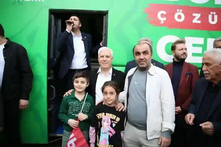 31 Mart Yerel Seçimler çerçevesinde çalışmalarını sürdüren Cumhuriyet Halk Partisi (CHP) Bursa Büyükşehir Belediye Başkan Adayı Mustafa Bozbey, beraberinde CHP İl Başkanı Nihat Yeşiltaş, CHP Gürsu Belediye Başkan Adayı Haşim Öztürk ile Gürsu’da esnaf ziyareti gerçekleştirdi. Ziyaretin ardından vatandaşlara hitap eden Bozbey, “Biz hizmet adamıyız. 20 yıl boyunca Nilüferlilere hizmet etmek için gece gündüz arkadaşlarımızla birlikte çalıştık. Tabi katılımcı bir anlayışla bu hizmetleri yaptık. İnsanlara sorduk, bir park yapacaksak çocuklara sorduk. Kadınlarla ilgili projelerimizi onlara sorduk. Biz katılımcı anlayışlı belediyeyi yönettik, projeleri yaptık ve başarılı olduk. Onun için Nilüfer Türkiye’nin ve dünyanın örnek gösterilen ilçelerinden biri oldu. Sorunları ve çözümleri bilen bir insan olarak çıktığımız bu yol kutsal bir yolculuk. Onun için sizlerden destek istemeye geldik. Var gücümüzle de o günü bekliyoruz. Hedefimiz, bu çocukların gülümsemesini sağlamak. Biz çocukların gülümsemesini sağlarsak, annenin de babanın da dedenin de gülümsemesini sağlarız” dedi.
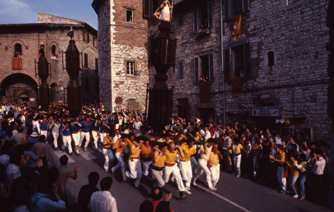 Também em Gubbio, na Itália central, enormes peças de madeira são carregadas por braços masculinos pelas ruas da cidade. São os “ceri”, originários da Idade Média.
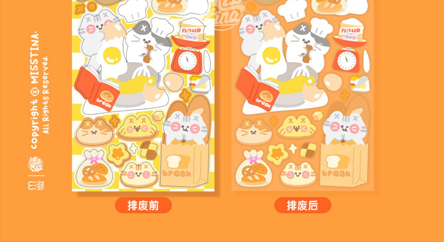 Add some personality to your diary or notebook with these quirky "MISSTINA" Vitality Baking MI Series Flash Film Stickers. With a waterproof design and baking theme, these stickers will bring a touch of fun to your everyday life. Bake up some creativity !
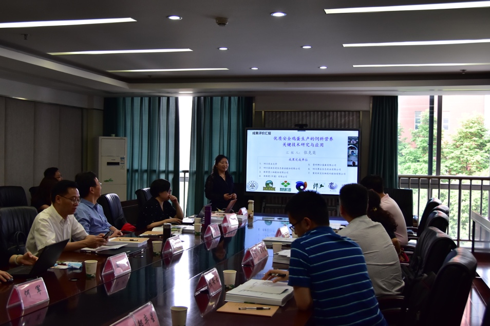 5月15日,四川省农村科技发展中心组织中国科学院亚热带农业生态研究所、中国农业科学院畜牧兽医研究所、饲料研究所、浙江省农业科学院、四川大学、四川省农业农村厅和省畜牧科学院的国内同行专家对2138cn太阳城集团动物营养研究所家禽营养研究室完成的两项科技成果进行了第三方评价。两项成果分别是家禽营养研究室与四川圣迪乐村生态食品股份有限公司等单位共同完成的“优质安全鸡蛋生产的饲料营养调控关键技术研究与应用”项目,以及家禽营养研究室和四川铁骑力士有限公司等单位完成的“肉鸭高效优质生产营养技术创新与应用”项目。会议由四川省农村科技发展中心主任王敬东主持。我校副校长陈代文教授,科技处处长曾维忠教授,营养所所长余冰教授、副所长何军教授及参与项目的课题组成员,还有部分企业代表参加了会议。
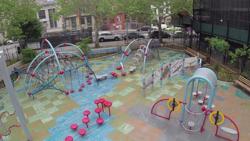[video: fade in to an overhead panning view over the playground area, fade out. Fade in to an elevated view of the Evos play structures with surrounding pod steppers and other playground activities. The hum of traffic buzzes by in the background. Camera pans on the back side of an O-Zone climber and across the playground to the second O-Zone climber, fade out. Fade in to overhead panning view over the top of the playground area.]
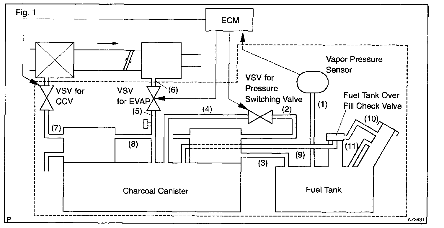 DTC P0442 or P0456 is recorded by the ECM when evaporative emissions leak from the components within the dotted line in Fig. 1, or when the vapor pressure sensor malfunctions.
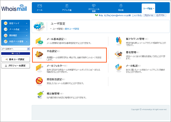 不在設定を利用すると、長時間メールを使用することができない場合に、メールを受信した
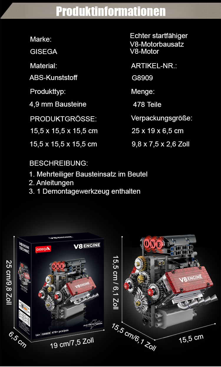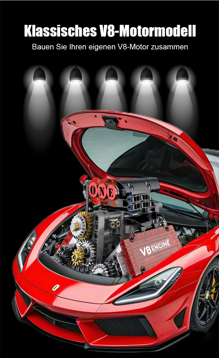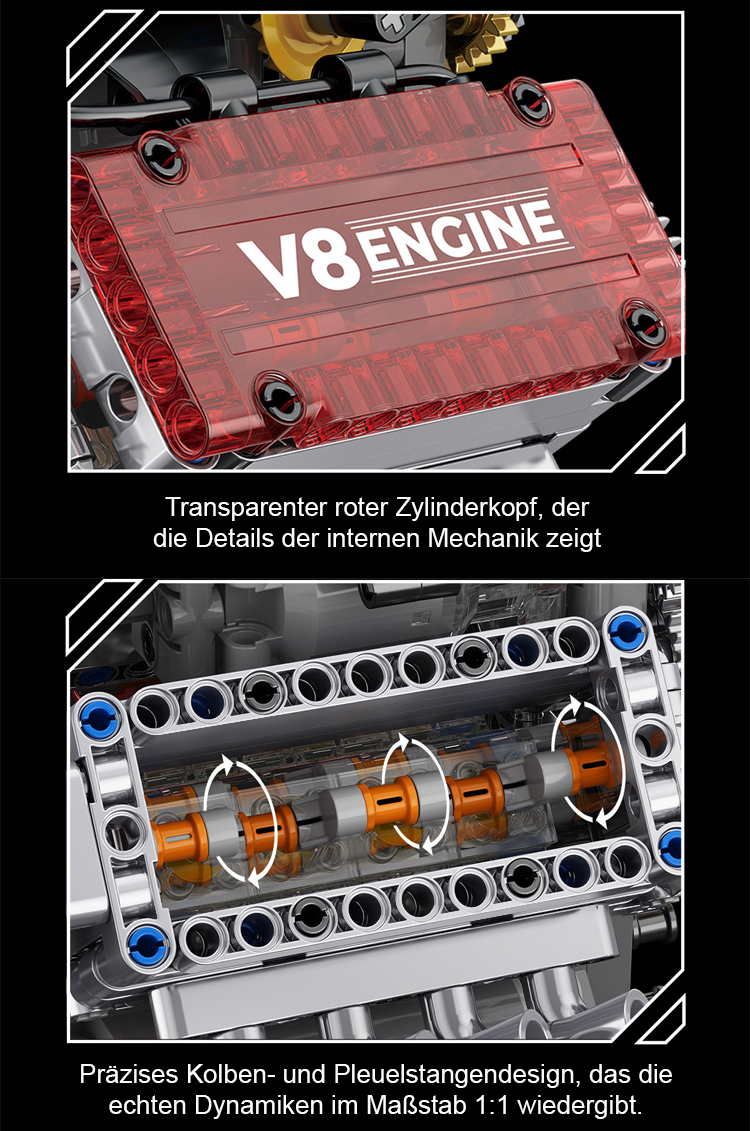 【Echtstartfähiges】Maschinentechnologie-V8-Motorantriebsgruppe ✨️1:16 Maßstab, 8 Zylinder & CNC Präzision – Nicht nur Modell, sondern echter laufender Motor🎇
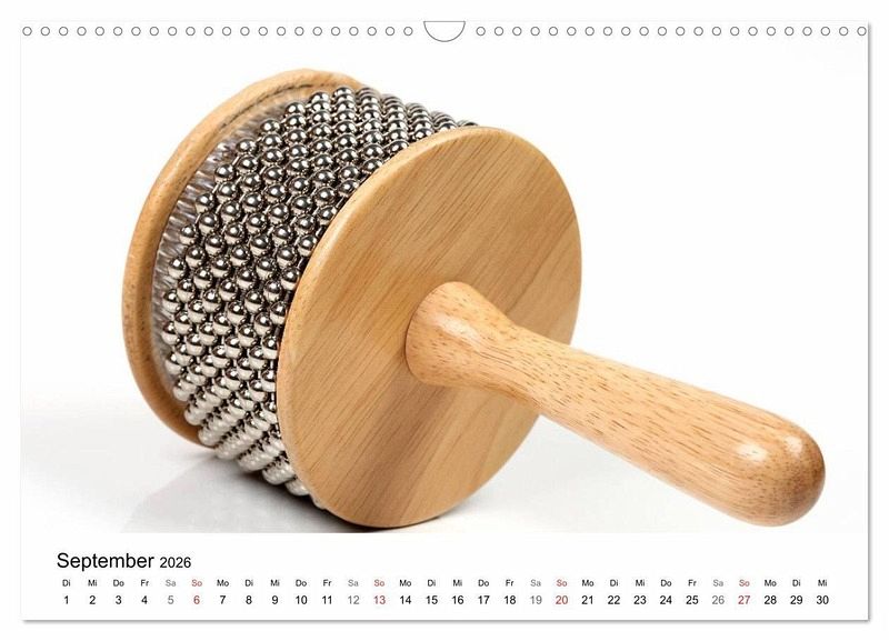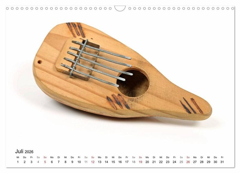 Dieser Kalender besteht aus verschiedenen Musikinstrumenten, angefangen von klassischen Instrumenten wie Geige und Violoncello bis zu exotischen Klangerzeugern wie Kalimba, Cabasa und Zymbeln.
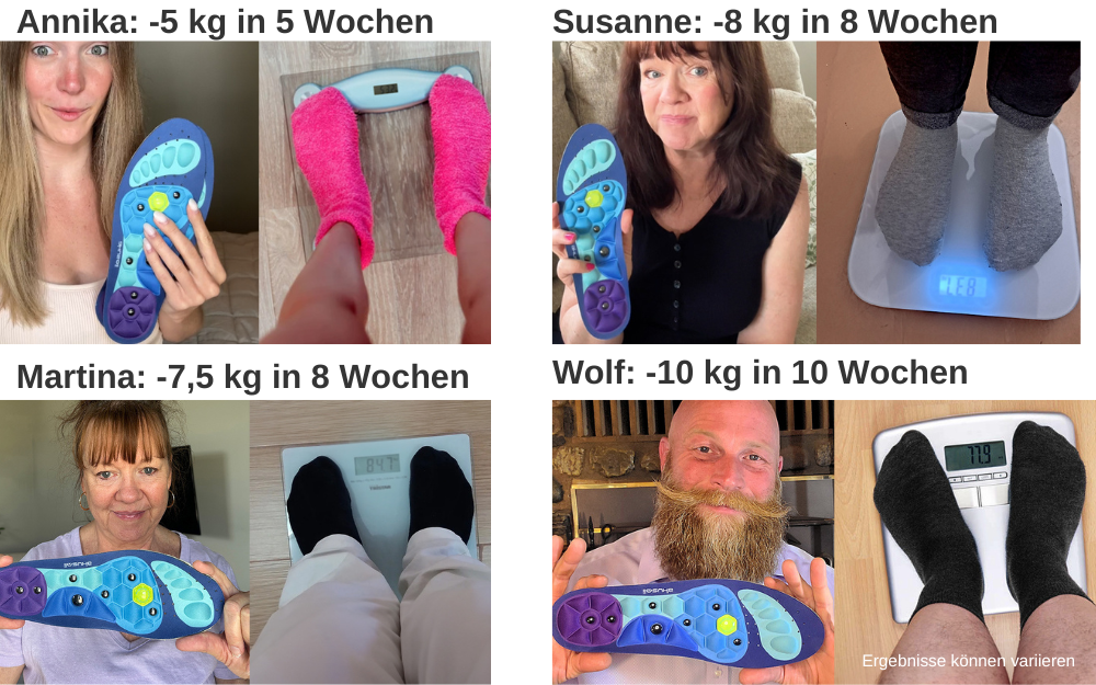 Disclaimer: Wenn Sie schwanger sind, stillen, Medikamente einnehmen oder unter ärztlicher Aufsicht stehen, konsultieren Sie bitte vor der Anwendung einen Arzt oder medizinisches Fachpersonal. Diese Produkte sind nicht zur Diagnose, Behandlung, Heilung oder Vorbeugung von Krankheiten bestimmt. Alle hier vorgestellten Informationen sind nicht als Ersatz oder Alternative zu Informationen von Ärzten oder Therapeuten gedacht. Bitte konsultieren Sie Ihren Arzt über mögliche Wechselwirkungen oder andere mögliche Komplikationen, bevor Sie ein Produkt verwenden. Die Gewichtsabnahme erfolgt im Rahmen einer gesunden, kalorienreduzierten Ernährung und eines Sportprogramms, das zusätzlich zum Tragen der Sohlen Bestandteil des Abnehm-Vorhabens eingehalten werden muss. Das Angebot ist nicht dazu bestimmt, Krankheiten zu diagnostizieren, zu behandeln, zu heilen oder zu verhindern; Das Angebot stellt keine medizinische Beratung dar. Das Angebot ist kein Ersatz für Medikamente oder andere Behandlungen, die von einem Arzt oder Gesundheitsdienstleister verschrieben werden. Die Nutzer sollten einen Arzt konsultieren, bevor sie eine Behandlung beginnen.
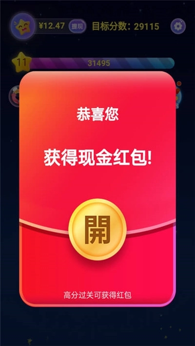 3、绚烂的游戏特效铺满整个屏幕,关卡任务更加丰富多样,每完成一次都能领取红包奖励。
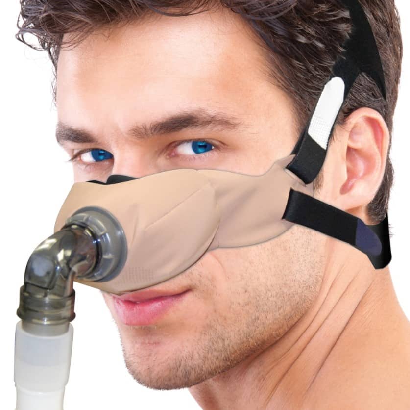 Light and breathable SleepWeaver Elan Nasal Mask is the skin-friendly, non-allergenic CPAP mask solution without latex or silicone. Elan’s low profile design reduces facial contact and the open style headgear provides a clear field of view. The cloth cushion inflates naturally during sleep therapy to provide a leak-free seal with no pressure points. With no hard plastic frame or forehead support Elan is an excellent solution for sleepers in any position as well as patients with facial hair.

* [AIM OF THE EXERCISE] With the pictures left out, write out exactly the lines above from the one containing "DTC P0442 or" through the one containing "Dieser Kalender besteht".

* [TASK SOLUTION]
 DTC P0442 or P0456 is recorded by the ECM when evaporative emissions leak from the components within the dotted line in Fig. 1, or when the vapor pressure sensor malfunctions.
 不在設定を利用すると、長時間メールを使用することができない場合に、メールを受信した
 【Echtstartfähiges】Maschinentechnologie-V8-Motorantriebsgruppe ✨️1:16 Maßstab, 8 Zylinder & CNC Präzision – Nicht nur Modell, sondern echter laufender Motor🎇
 Dieser Kalender besteht aus verschiedenen Musikinstrumenten, angefangen von klassischen Instrumenten wie Geige und Violoncello bis zu exotischen Klangerzeugern wie Kalimba, Cabasa und Zymbeln.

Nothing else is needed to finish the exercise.